I'm really weak in some areas. I am rotten at policing the kids to clean up after themselves. Probably they take after me. I'll admit, our house is a pit of mess and chaos much of the time, but hey, they haven't shut us down yet. I'm not great with helping with homework. They help each other. And I admit I don't really get hung up on grades. I don't care if my kids are thought of as the smartest or most creative, or worry how old they are when they toilet train, or how many languages they speak by the time they're five months old. By the time we're adults, those things mean jack anyway. I much prefer nurturing their emotional intelligence. I figure their natural curiosity and enjoyment of all things intellectual develops individually when they find something they're interested enough in. Luckily, I seem to have some pretty smart cookies on my hands, though it's not always reflected in the grades of some of them...and frankly, I'm not so invested in that. I'm strict about some things (the movies and tv they watch) and not so much about others (okay, you can clean your room tomorrow). Do I think I'm a good mom? I think I do okay, though there are days I feel like the mom of all moms, or other days I feel like I never should have been allowed to have kids. I struggle to find balance, as every mom does.

A bit about my education: I studied many things in university, from philosophy to English literature, to creative writing, to Western civilization. I never got a degree though, because I got knocked up, became a doula, and never looked back. Though I my not have a university degree, I have a LOT of training under my belt in various forms of bodywork, psychotherapy, breastfeeding and birth support, and am staunchly auto didactic in many things ranging from Ayurveda, knitting, instrument playing, and herbal stuff.

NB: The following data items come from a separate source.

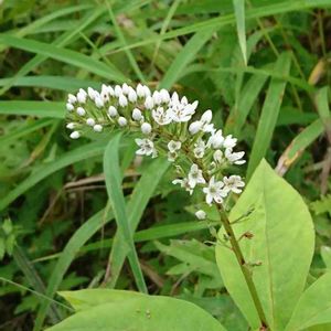「オカトラノオ・丘虎の尾」 サクラソウ科 宿根草 丘に咲く、虎の尾の様な花。 覚えやすい名前です😊 風の仕業ではなく、植物の性質で、💠お花が曲がります。 その性質、応援したくなるナ 日光霧降高原 キスゲ平
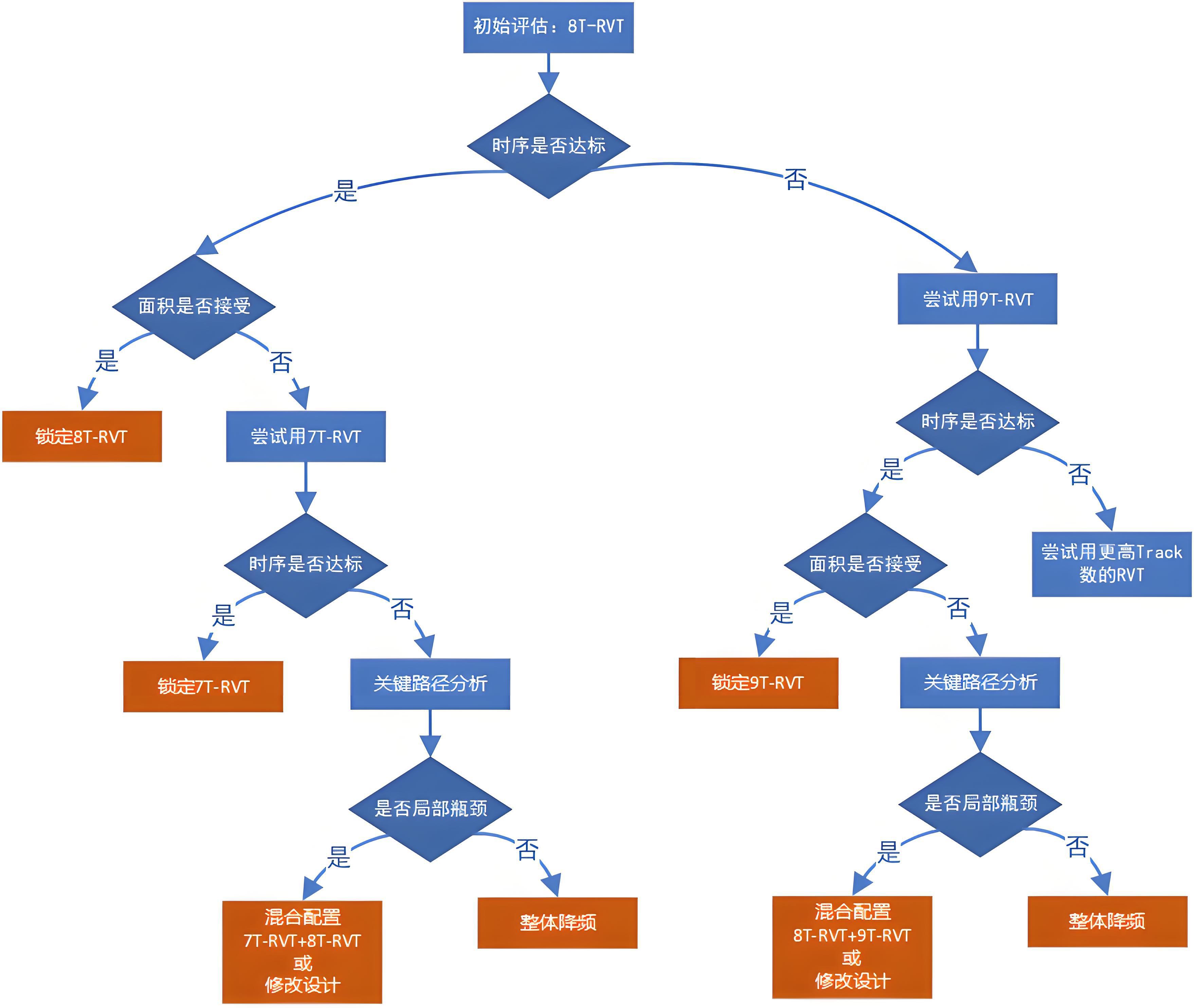 VT选择关乎性能与功耗的权衡:HVT(高阈值电压)功耗最低但速度慢,适用于非关键路径;LVT(低阈值电压)速度快但漏电高,适用于关键时序路径;SVT/RVT(标准阈值电压)则在两者间折中。
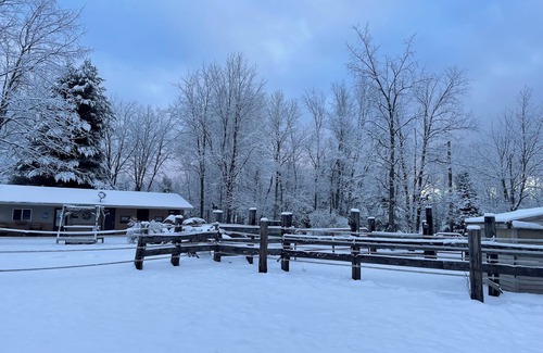 The Maple is next to the Cedar Cabin & close to 4 of our five campsites so it makes for great community or groups who have multiple, different lodging needs. There is ample parking for horse trailers, trailers for ATV's & UTV's, boats, and multiple vehicles. If you choose to bring your horse to the Ranch it has horse pens right out your front door for your horse to stay in. The visiting horse barn is a short walk to the top of the Ranch should you prefer a stall. We do not allow stallions on the Ranch. Horse trail passes are not required in the National Forest in Oconto County.
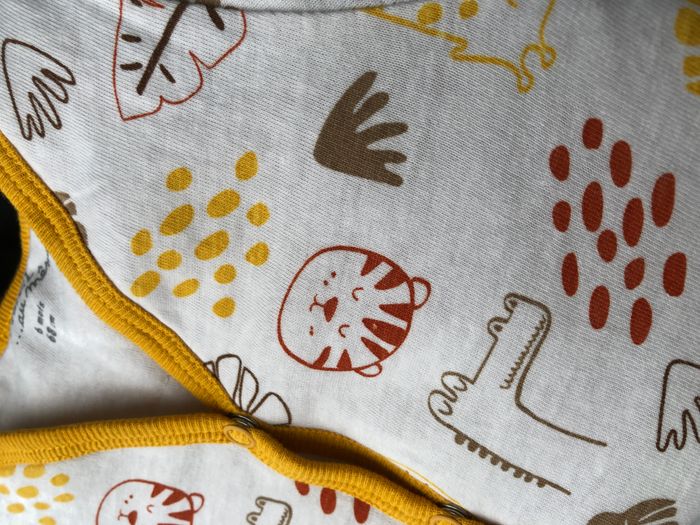 De couleur blanc et jaune, motifs tigres, crocodiles, girafes, feuilles tropicales dans les tons marrons, jaunes, rouges.
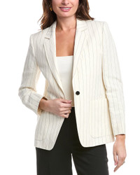 - About the brand: Feminine and sophisticated pieces with an undeniable Italian influence. - Micron Linen-Blend Blazer in white and  black with notched lapel, left chest pocket, two front patch pockets and center vent at back hem - Approximately 28in from shoulder to hem - Model is 5'10 and is wearing a size 2. Measurements may vary slightly by size. - Single-button closure - 58% linen, 42% cotton - Lining: 56% viscose, 44% cotton - Dry clean only - Made in Italy
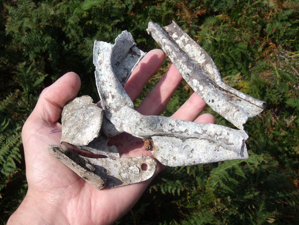 I was very fortunate to be put in contact with Mr William Wood in 2003, formerly of Ewe Cote, but then retired and living in Helmsley. He and his brother heard this crash happen, they went to through their fields to see what had happened. There were small fires burning everywhere with the odd bullet popping in these fires. On arriving they were not the first there, two RAF personnel who were staying at Sportsman's Hall and in the process of dismantling the crashed Halifax at Low Thwaites were the first there. These men told Mr Wood that the aircraft was German. He also thought the aircraft may have been shot at before it struck the moor and had lost height in order to avoid this gun fire. This prior damage does seem unlikely.
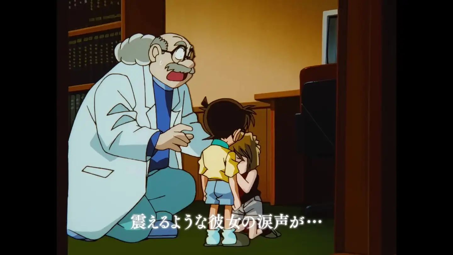 最后又绕回到小柯,TV129《来自黑衣组织的女子 大学教授杀人事件》。这个安排其实很有意思。从时间上来说,这个情节应该发生在上面说的第一幕之后、接下来三幕之前;从情绪上来说,这是相当悲伤、低沉、气沮的,也跟上面连续三幕与少侦的温情画面判然有别。为什么选这一幕并排在这里?也许是因为这是小哀对小柯打开心防的起始,从这一点上来说和前面的三幕在性质上有相通之处。另外,或许也是为了和第一幕形成某种首尾呼应的效果。
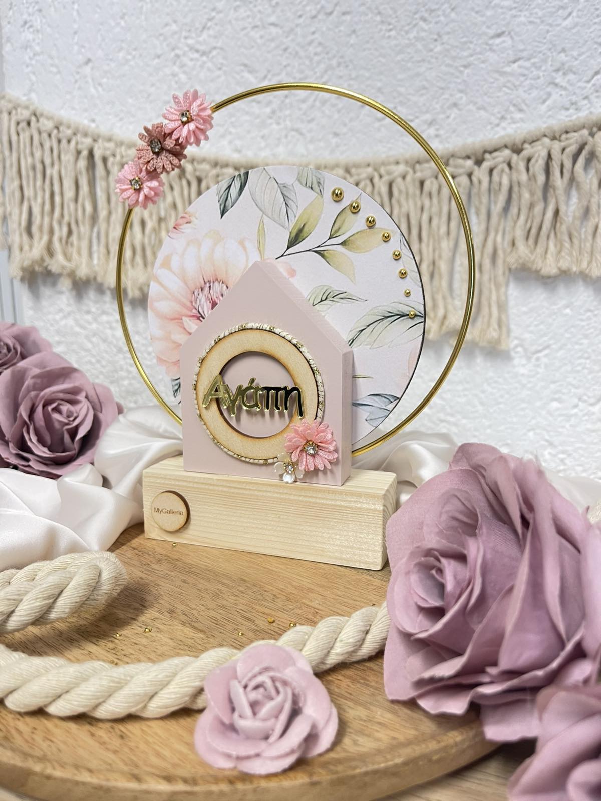 Χειροποίητο  επικαθήμενο διακοσμητικό σε πούδρα  απόχρωση με plexiglass ευχές
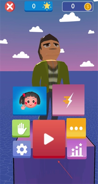 打开沙雕跳一跳,进入初始界面,这里设有多个功能按钮,同时显示星星与金币的数量,点击红色的开始按钮后,即可进入游戏教程页面。

I have been working as a doula for eighteen years. I am most fortunate to work with the most phenomenal team of doulas a girl could ask for. Not only are they all amazing doulas, they are dear friends. I could send out a mass SOS email saying, "I'm in a bad space. Spa and brownies NOW" and barring any births, kid gastros or important recitals, they'd be there. It's a great thing.

My husband Mitchell and I have been together for twenty-one years. What keeps us together is the fact he knows how to make me laugh my head off and ground me when I'm off the wall. We love to browse through fancy food shops. He has always been in support of my work and my way of mothering. We share an adoration of the same kinds of music, are GREAT traveling together, and always snuggle when we watch movies. We fight sometimes and bicker quite a lot in the stress of what is, by today's standards, a large-ish family, but "I love you" is said at least once per day, and usually more than that. We are looking forward to spending our post parenting years exploring the world. We have not done enough traveling, as we've been parenting young children since we were very young.


Anyhoo, that's a bit about me. Off to fold a week's worth of laundry. Check back soon! I will write periodically when something tickles my funny bone or stokes my ire.